Optimization of a bacterial biosurfactant production
Optimización de la producción de un biosurfactante bacteriano
Ma. A. Martínez-Trujillo, I. Membrillo Venegas, S.E. Vigueras-Carmona, G. Zafra-Jimenez and M. García-Rivero*
División de Ingeniería Química y Bioquímica, Tecnológico de Estudios Superiores de Ecatepec, Av. Tecnológico. s/n Col. Valle de Anáhuac CP 55210, Ecatepec, Edo. de México, México. *Corresponding author. E-mail: mayolagariv@yahoo.com.mx
]]> Received August 20, 2014
Abstract
Bacterial biosurfactant production was optimized by means of Response Surface Methodology (RSM), in which nitrogen and carbon concentrations, as long as the addition of an immiscible substrate, supplemented for increasing the efficiency of biosurfactant biosynthesis, were the evaluated variables. A mixture of yeast extract-NaNO3, and fructose was used as nitrogen and carbon source, respectively. Under the assayed conditions yeast extract-NaNO3 relationship and hexadecane concentrations were the factors which had a significant effect on biosurfactant production at flask level. The optimal conditions, estimated by the canonical analysis of the corresponding response surface were used at a 600 mL bioreactor, obtaining a biosurfactant production measured as 74.23 % of emulsification index, which was similar to the estimated by de quadratic model.

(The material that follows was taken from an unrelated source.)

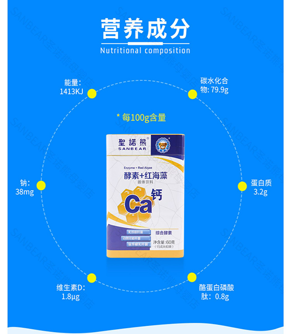 主要成分:葡萄糖、紅海藻粉、豆?jié){粉、碳酸鈣、維生素D3、綜合酵素(木瓜酵素、菠蘿酵素、奇異果酵素)1%、酪蛋白磷酸肽4%、鼠李糖乳桿菌、乳雙歧桿菌、動物雙歧桿菌、(每袋添加300毫克紅海藻粉)

Key words: response surface methodology, canonical analysis, nitrogen and carbon source concentration.
Resumen
Se optimizó la producción de un surfactante bacteriano por medio de la Metodología de Superficie de Respuesta (MSR), como variables de estudio para incrementar la eficiencia de biosíntesis del biosurfactante se evaluaron las concentraciones de carbono y nitrógeno, así como la adición de un sustrato insoluble. La fuente de nitrógeno fue una mezcla de extracto de levadura-NaNO3 y como fuente de carbono se uso fructosa. Bajo las condiciones ensayadas la relacion extracto de levadura- NaNO3 y la concentración de hexadecano fueron los factores que tuvieron un efecto significativo en la producción del biosurfactante a nivel matraz. Por medio del análisis canónico se estimaron las condiciones óptimas de la superficie de respuesta, que fueron usadas en un biorreactor de 600 mL, en el cual se obtuvo una producción de biosurfactante de 74.23% medido por el índice de emulsificación, cuyo valor fue similar al estimado por el modelo cuadrático.
Palabras clave: metodología de superficie de respuesta, análisis canónico, concentración de la fuente nitrógeno y de carbono.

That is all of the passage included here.